:: Collected material ::
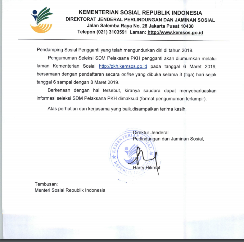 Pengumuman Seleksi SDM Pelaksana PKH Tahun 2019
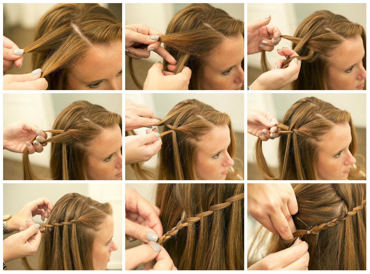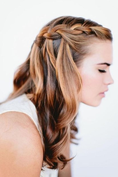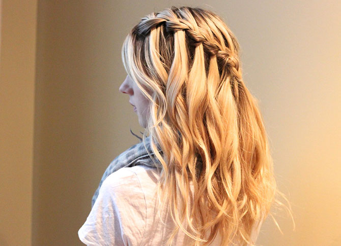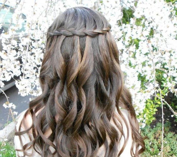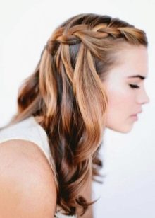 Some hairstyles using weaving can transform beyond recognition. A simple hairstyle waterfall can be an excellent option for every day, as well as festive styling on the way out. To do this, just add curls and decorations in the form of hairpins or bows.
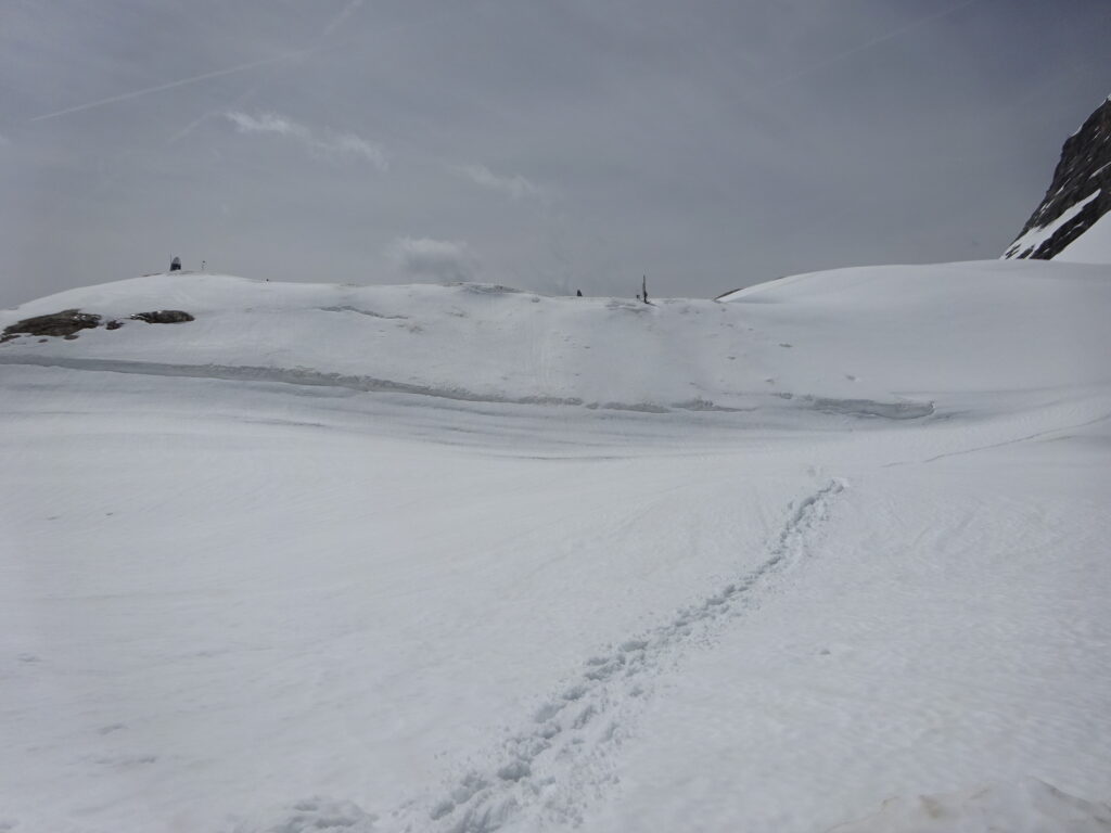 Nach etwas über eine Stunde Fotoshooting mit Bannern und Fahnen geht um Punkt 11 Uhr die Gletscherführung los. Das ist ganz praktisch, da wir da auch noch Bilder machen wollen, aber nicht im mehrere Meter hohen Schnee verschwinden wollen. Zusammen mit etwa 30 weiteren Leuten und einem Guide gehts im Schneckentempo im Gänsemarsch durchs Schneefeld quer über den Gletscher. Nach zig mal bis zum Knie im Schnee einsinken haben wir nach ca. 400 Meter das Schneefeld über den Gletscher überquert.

:: Your task ::
The lines from the top of the data above through the one holding "Some hairstyles using" are to be repeated exactly, and only those, with no pictures.

:: Response box ::
 Pengumuman Seleksi SDM Pelaksana PKH Tahun 2019
 Some hairstyles using weaving can transform beyond recognition. A simple hairstyle waterfall can be an excellent option for every day, as well as festive styling on the way out. To do this, just add curls and decorations in the form of hairpins or bows.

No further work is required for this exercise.